As a general rule, regarding resident entities that are engaged in a commercial, industrial or agricultural activity, no segregation applies in the determination of the taxable income.

The most important items of income that are exempt from tax are domestic and foreign dividends and capital gains qualifying for the participation exemption regime.

Participation Exemption for Capital Gains

Capital gains and losses realized on the transfer of shares or assets by resident companies, are eligible for exemption under the participation exemption regime, provided the following requirements are met:

  • The shares are held for a consecutive period of at least one year prior to the transfer;
  • The taxpayer directly, or directly and indirectly, holds at least 10% of the share capital or voting rights in the entity whose shares are transferred;
  • The taxpayer is not covered by the Portuguese tax transparency regime;
  • The entity whose shares are transferred is not resident in a tax haven/ black-listed jurisdiction; and
  • The assets of the entity from which shares are transferred are not directly or indirectly comprised of more than 50% of real estate located in Portugal and acquired on or after 1 January 2014.

Participation Exemption for Dividends

Dividends received by resident companies are eligible for exemption under the participation exemption regime, provided the following requirements are met:

  • The shares are held for a consecutive period of at least one year;
  • The taxpayer directly, or directly and indirectly, holds at least 10% of the share capital or voting rights in the distributing entity;
  • The taxpayer is not covered by the Portuguese tax transparency regime;
  • The distributing entity is not resident in a tax haven/ black-listed jurisdiction; and
  • The distributing entity is subject to tax at a rate that is not lower than 60% of the Portuguese nominal tax rate (except in the case it meets the business-test requirement).

The exemption applies whether the distributing entity is a Portuguese company, an EU/ EEA entity, or an entity located in other countries, provided the conditions of the participation exemption regime are fulfilled.

In this regard, the Court of Justice of the European Union (CJEU) in a decision dated 1 September 2022, held that dividends received from subsidiary entities located in countries outside the EU/ EEA may be denied the participation exemption if the country of residence of the distributing entity does not have a treaty with Portugal providing for tax information exchange.
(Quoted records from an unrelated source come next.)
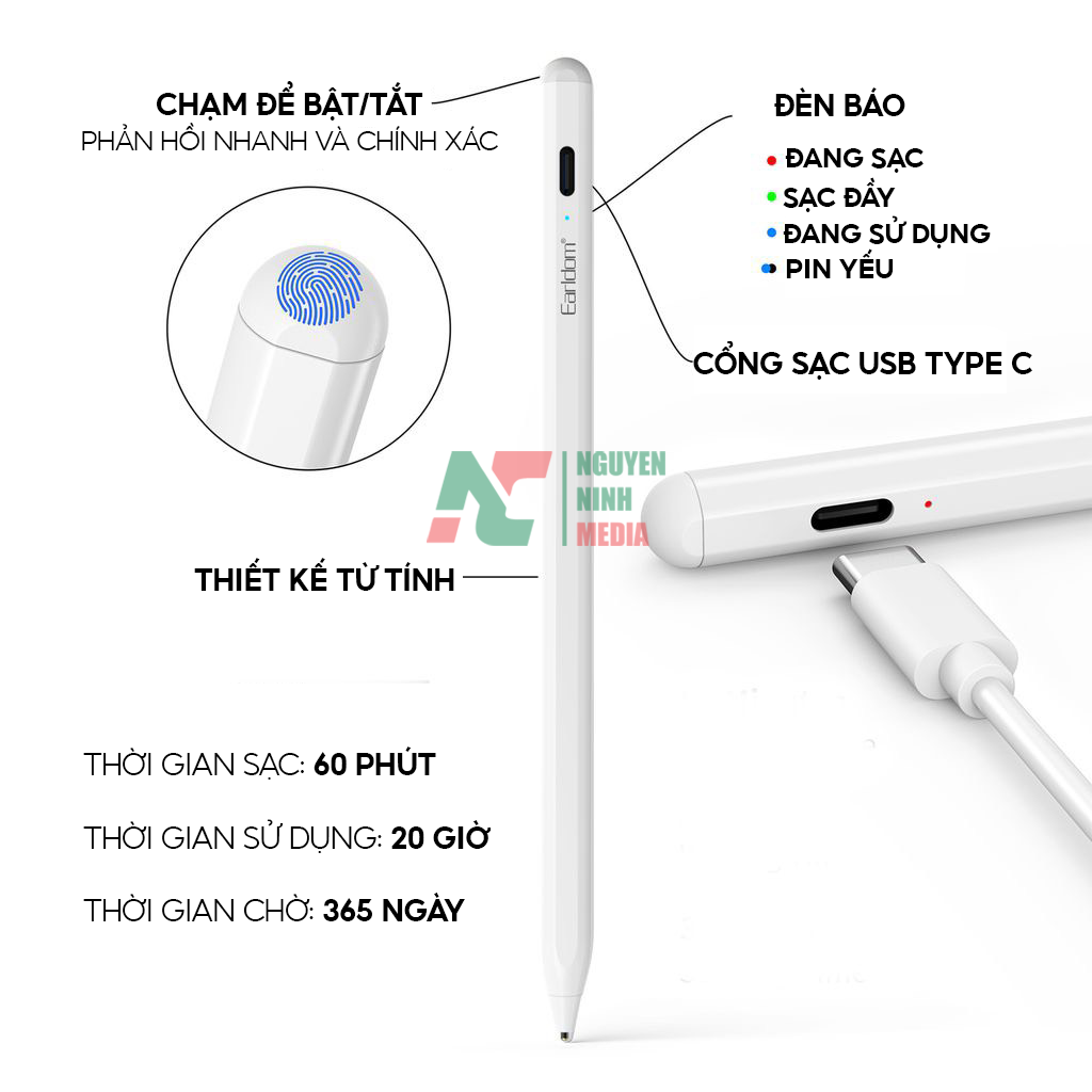 TÍNH NĂNG CƠ BẢN: - Bút cảm ứng dùng cho mọi màn hình cảm ứng điện dung. Tương thích tốt với tất cả các smartphone và tablet hiện này từ Android cho đến iOS .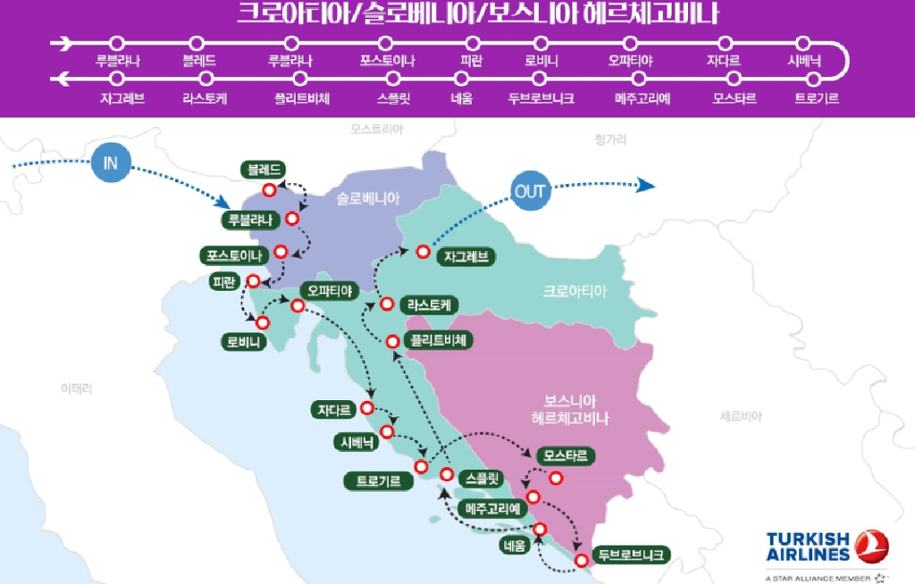 →보스니아 모스타르→메주고리에→크로아티아 두브로니크→네움→스플릿→플리트비체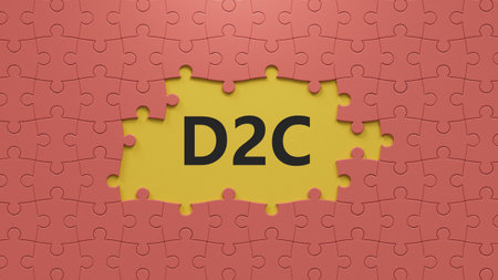 three stone puzzle pieces with missing pieces, tables with the word D2C - acronym Direct to Consumer. close up of puzzle pieces with missing pieces, Business Concept. 3D rendering.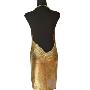Gold Chainmail Backless Halter Mini Dress Metallic Mesh Party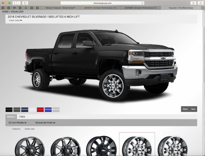 Luckily for you, The Wheel Group’s Visualizer allows you to do just that. From late model cars and trucks to classic rides, The Wheel Group’s got you covered. We can’t promise that every car you own will be available for visualization, but most of the big ones are there, and you can see them with a number of different wheel sizes and finishes. There’s even an options that shows you how wheels will look with a lift on your pickup, if you’re going the off-road route.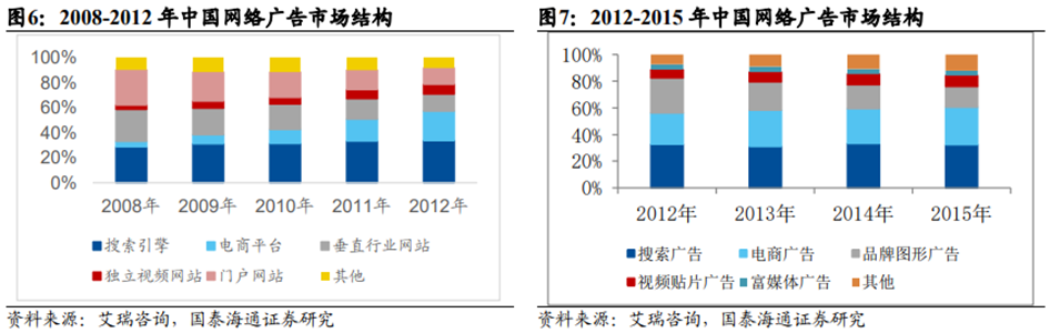 PC互联网时代(2000-2015年):2015年之前,流量高度集中于搜索引擎和门户网站,该时期网络广告规模由2008年的170亿元增长至2015年的2093.7亿元,其中搜索广告是占比最大的广告类型,份额由28.6%增长至32.6%。百度在搜索广告市场份额占第一,2015年百度在中国搜索引擎市场市占率80.8%。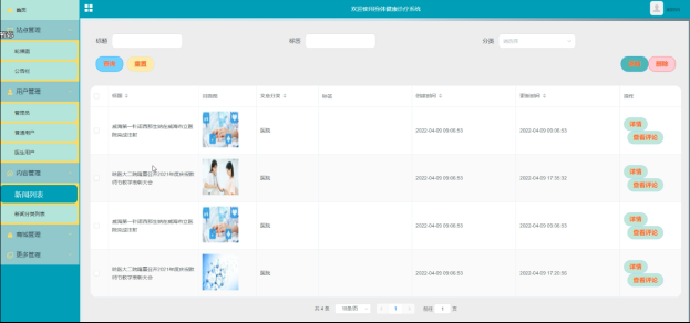 身体健康诊疗系统中的管理人员在“更多管理”这一菜单下是可以对身体健康诊疗系统内的身体信息、附近药店、附近医院、医生信息、线上沟通进行管控的,其管理界面如下图4-10所示。

Since the exemption is subject to a condition relating to the tax liability of the distributing company in the third country, the Court reasoned a Member State is not required to grant the taxpayer the option to produce the evidence to show that the necessary conditions to obtain the deduction are satisfied where, due to the absence of a treaty obligation, that Member State cannot verify the veracity of that evidence with the country of residence of the distributing entity.

Anti-abuse Amendment

Effective 1 January 2016, the Portuguese government implemented anti-abuse amendments made to the EU Parent-Subsidiary Directive into its domestic law. The law introduces the concept of non-genuine arrangements, which include those that are not carried out for valid economic reasons or do not reflect economic reality. If a non-genuine arrangement is put in place with the main purpose, or one of the main purposes, of obtaining a tax advantage, then Portugal withholding tax exemption for dividends paid or the participation exemption for dividends received will not apply.